Leave your expectations at home.
That’s basically what E (Mark Oliver Everett), the frontman of Eels recommended to those who attend his upcoming show.
“That’s always the best thing to do, to be surprised,” Everett said. “That was always my favorite thing as a concertgoer.”
It’s a fair bet to say he feels that way as an entertainer, too. It’s almost too difficult to think of all the different performers that would need to be combined to create E and his often witty, sometimes dark, always enchanting work.
Although he considers music his true love, many may know him from his 2007 book “Things the Grandchildren Should Know” or maybe even BBC/PBS special “Parallel Worlds, Parallel Lives” a documentary about his father, internationally renowned physicist Hugh Everett III.
Yet E sounds as if he’d be just as happy to have those lauded side projects take a back seat to his music. Understandable, when you consider the passion and artistry he brings to his sound, specifically the CD “Tomorrow Morning” that is scheduled for August release.
Like his book, this final chapter of a trilogy is filled with personal stories and observations wrapped around electronic instrumentation such as drum machines and tape loops.
Although this album is very different from the first two CDs in the trilogy – “Hombre Lobo” which had a garage band feel and “End Times” that was more acoustic – it works as the end of one journey and the beginning of another.
Like “The Sun Also Rises,” the classic book by Ernest Hemingway, E named this CD with an eye toward the hope brought by tomorrow.

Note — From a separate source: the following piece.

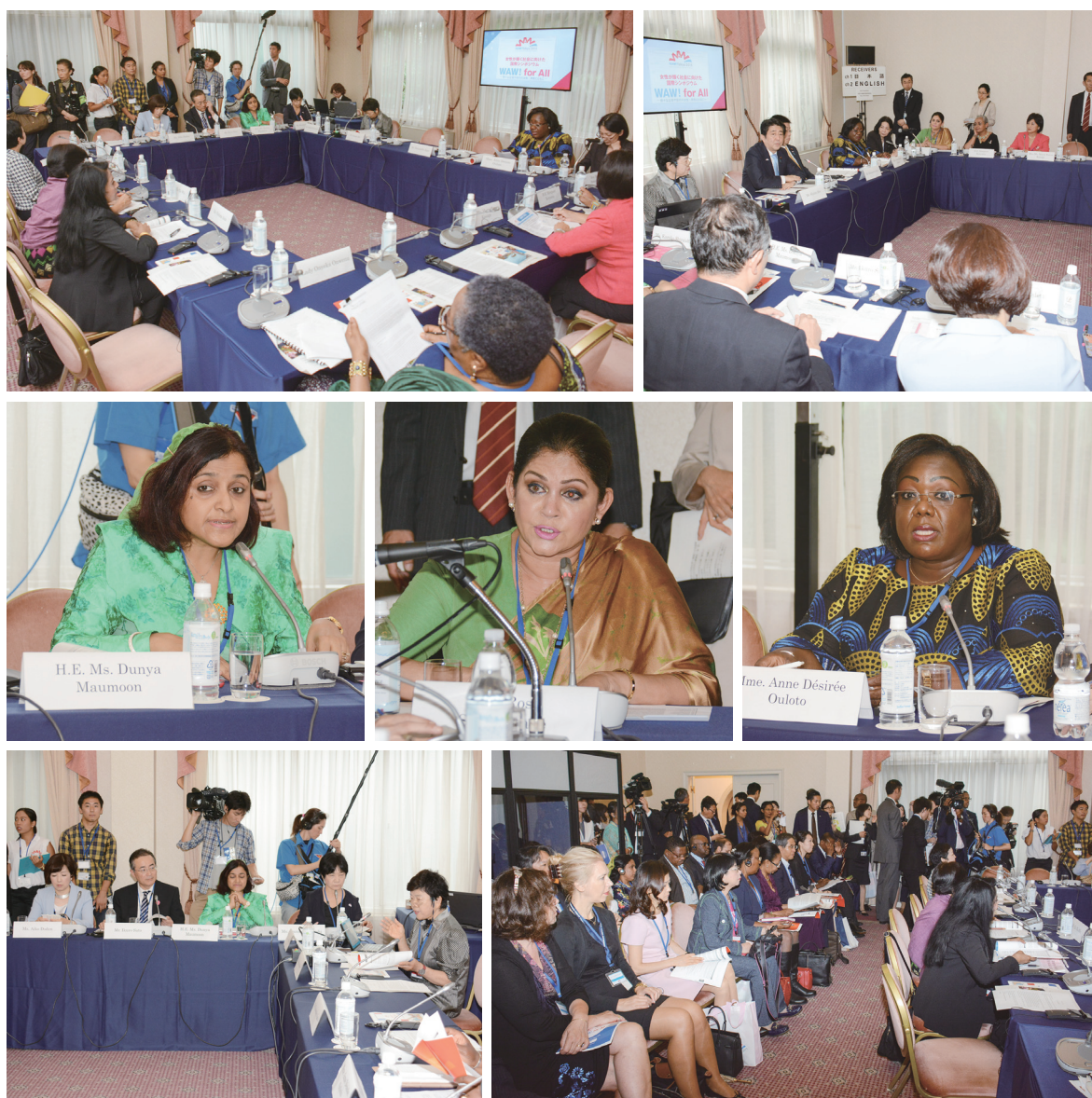
View of the Venue

It has been a development goal to ensure all children receive primary education. However, on the way to realizing this goal, participants shared the difficult situations girls experience to complete primary and secondary education, particularly problems facing adolescent girls. Discussions were held on how to protect girls from social customs (child marriage, early pregnancy, child labor, prejudice, and violence) which prevent girls’ education, to create safe environments for girls to attend schools, to develop and assign jobs to female teachers with high specialties, and to make it possible for girls to graduate primary and secondary education and receive higher education the same as boys. There were also proposals based on regional situations; for example, women’s colleges are especially effective in developing countries to enable girls to graduate higher education, and it is necessary to expand scholarships.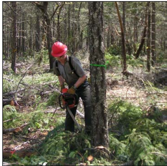
Hand thinning on a stewardship contract. Photo from the Lomakatsi Restoration Project ( 1014 ).

“They were all designed to stand on their own,” E said about the three discs. “The basic concept is hopefully universal, based on human emotions – desire, loss and renewal.”
In the same way, E tries to treat each concert as if it’s a singular event. No set lists and used-this-on-each-stop banter.
“I try to treat each like [I would a singular] album,” he said. “Many times, the songs sound very different than they do on the albums. I’m trying to put on the best concert I can that evening. People go through the trouble to buy tickets, find seats, and all of that. I want to give them something unique.”